A full list of previous winners is available at ArmsControl.org/ACPOY/previous.

The 2021 nominees are:

  • James Cleverly, minister for Middle East and North Africa at the UK Foreign, Commonwealth & Development Office, on behalf of the United Kingdom and the 163 associated countries, for introducing and winning approval in the UN First Committee for a resolution mandating the creation of a new working group focused on developing possible norms, rules, and principles (including legally-binding measures) of responsible military behaviors in space and aimed at preventing an arms race in outer space.
  • Sens. Jeff Merkley (D-Oreg.) and Ed Markey (D-Mass.) and Reps. Don Beyer (D-Va.) and John Garamendi (D-Calif.), who established the bicameral Nuclear Weapons and Arms Control Working Group in early 2021, for their energetic efforts to build support for action by the Biden administration to pursue New START follow-on arms control negotiations with Russia, to reduce the role and the number of nuclear weapons in U.S. nuclear policy, and to seek nuclear risk reduction talks with China.

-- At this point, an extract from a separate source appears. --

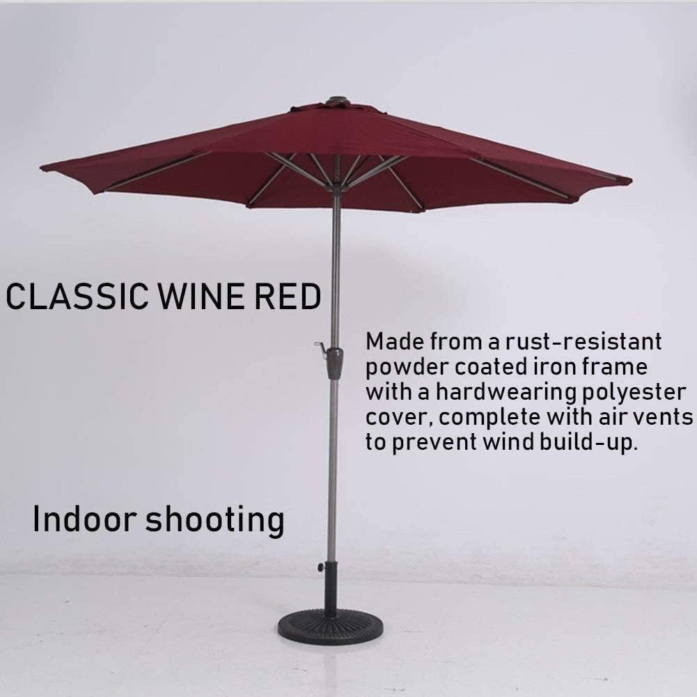 This parasol is an excellent choice for staying cool when it's sunny outside. canopy filters most UV rays, keeping you protected from potential sun damage, as well as helping to reduce sunstroke. A beautiful and rar unique which will pair with your existing garden decor effortlessly.> Overview:> - Umbrella Type: Market umbrella> - Size: 9ft / 270cm > - Canopy Shape: Round> - Pole: iron, Dia.1.50 inch (38 mm)> - Umbrella cloth: UV resistant polyester fabric,Waterproof> - Open method: Manual> - Air vent: Yes. It provides basic wind and heat venting> - Commercial/Residential: Both> > Tips:> *Please close umbrella when you do not use in bad wear so umbrella will have a longer performance. > > How to clean :> -Brush off loose dirt.> -Spray on a cleaning solution of water and mild soap.> -Use a soft bristle brush to clean.> -Allow cleaning solution to soak into fabric.> -Rinse thoroughly until all soap residue is removed.> -Air dry.> > Package Includes: > 1x Outdoor umbrellas{/p}
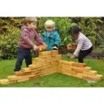 - Reduziertes Verletzungsrisiko: Im Gegensatz zu herkömmlichen Bausteinen aus echten Ziegeln oder Kunststoff minimiert das leichte Weichholz das Risiko von blauen Flecken oder Schürfwunden.

  • Decker Eveleth from the Center for Nonproliferation Studies at the Middlebury Institute of International Studies and Matt Korda and Hans Kristensen from the Federation of American Scientists for utilizing open-source satellite imagery to reveal construction activity in central China for the possible deployment of at least 250 additional land-based, nuclear-armed, long-range ballistic missiles. Their work has prompted a public debate about how the United States and China can avoid an arms race driven by mutual concerns about vulnerability to nuclear attack.
  • Avinashpall Singh and Rooj Ali, two high school students from Winnipeg, Canada, for their successful effort to win the city council’s unanimous support for the Treaty on the Prohibition of Nuclear Weapons (TPNW), one of the dozens of such initiatives around the globe to encourage city governments to call for their national governments to join the TPNW.
  • Rafael Mariano Grossi, Director-General of the International Atomic Energy Agency (IAEA), and the Agency's team of inspectors, for their steadfast efforts to sustain effective, intrusive monitoring of Iran’s sensitive nuclear activities under the terms of its Comprehensive Safeguards Agreement with the Agency, as the United States and Iran struggle to find a political formula that brings both countries back into compliance with the 2015 Joint Comprehensive Plan of Action.
  • Sébastien Philippe, Associate Research Scholar of the Princeton Program on Science and Global Security, and French journalist Tomas Statius, for their groundbreaking investigation that challenges the French government’s official public story of the health consequences of French atmospheric nuclear tests in the South Pacific and has stirred international debate about how Paris should respond. Their new findings suggest more than 100,000 people in Polynesia may be eligible to claim compensation from France for harm caused by the tests, which is about 10 times more than estimated by the existing French government.
  • Steve Kostas, a senior lawyer with the Open Society Justice Initiative; Hadi al Khatib, founder of the Syrian Archive; and Mazen Darwish, founder of the Syrian Center for Media and Freedom of Expression, for filing legal complaints in France and Germany against Syrian strongman Bashar al-Assad and other Syrian officials for their role in chemical weapons attacks against civilians in Douma, Ghouta, and Khan Shaykhun, Syria. The complaints request criminal investigations and prosecutions of Mr. al-Assad and a number of Syrian government officials and chains of command responsible for the attacks.
  • Mexican Foreign Minister Marcelo Ebrard and the Government of Mexico for its lawsuit against U.S. gun manufacturers and distributors in a Massachusetts federal district court that takes a novel approach to combat illicit weapons trafficking. The lawsuit alleges that several major firearms manufacturers and wholesalers “design, market, distribute, and sell guns in ways they know routinely arm the drug cartels in Mexico,” and that contributes to a decline of life expectancy in Mexico. It said the named companies sell about 340,000 of an estimated half-million guns that illegally flow each year from “Massachusetts and other U.S. states to criminals south of the border.”